This produces names like Copy_DimAccount_20240115.dtsx.

String Methods

Apply transformations to variable values:

<#
var tableName = "DimAccount";
#>
<!-- Uppercase: <#=tableName.ToUpper()#> produces "DIMACCOUNT" -->
<!-- Lowercase: <#=tableName.ToLower()#> produces "dimaccount" -->
<!-- Substring: <#=tableName.Substring(3)#> produces "Account" -->

Platform Considerations

While this guide focuses on SSIS package generation, the variable replacement technique applies to all Biml-supported platforms:

PlatformVariable Usage
SSISPackage names, connection strings, table references
ADFPipeline names, dataset references, linked service names
DatabricksNotebook parameters, table paths, schema names
SnowflakeStage names, warehouse references, schema paths
Microsoft FabricLakehouse paths, notebook parameters

BimlFlex extends these patterns with a metadata-driven UI, eliminating manual variable changes entirely. See BimlFlex Documentation for enterprise-scale automation.


Common Mistakes and Fixes

1. Missing Equals Sign in Text Nugget

Wrong:

<Package Name="Copy <#tableName#>">

Right:

<Package Name="Copy <#=tableName#>">

Without the =, BimlScript treats it as a control nugget (code to execute) rather than a text nugget (value to output). The package name becomes literally "Copy " with nothing after it.
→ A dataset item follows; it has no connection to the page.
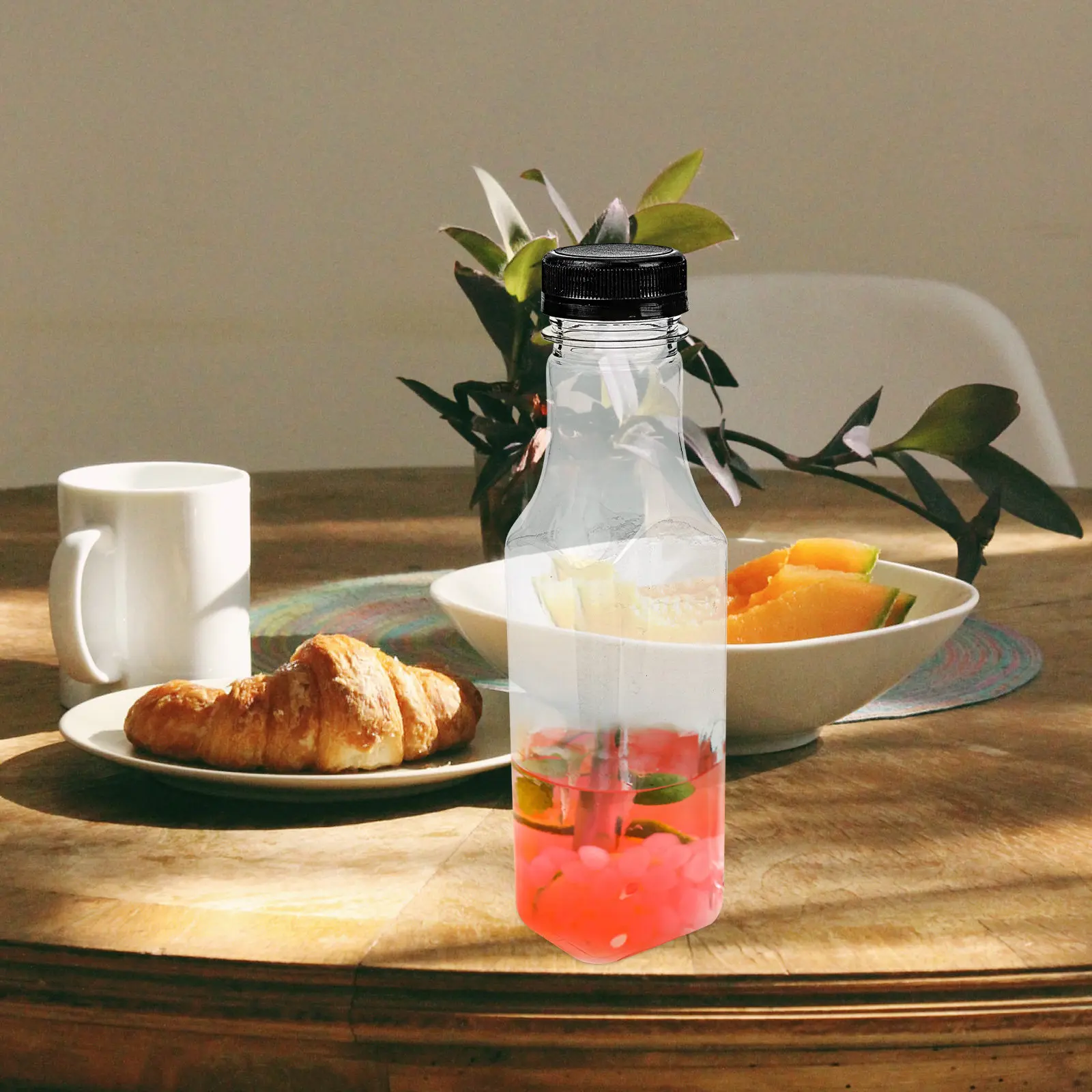 6 bottiglie per bevande, contenitori in plastica trasparente addensata, tappi per la conservazione di succhi di frutta e latte, confezione trasparente portatile con chiusura ermetica

2. Variable Used Before Declaration

Wrong:

<Package Name="Copy <#=tableName#>">
<# var tableName = "DimAccount"; #>

Right:

<# var tableName = "DimAccount"; #>
<Package Name="Copy <#=tableName#>">

Variables must be declared before use. BimlScript processes top-to-bottom.

3. Case Sensitivity

Wrong:

<# var TableName = "DimAccount"; #>
<Package Name="Copy <#=tablename#>">

Right:

<# var tableName = "DimAccount"; #>
<Package Name="Copy <#=tableName#>">

C# is case-sensitive. TableName and tablename are different variables.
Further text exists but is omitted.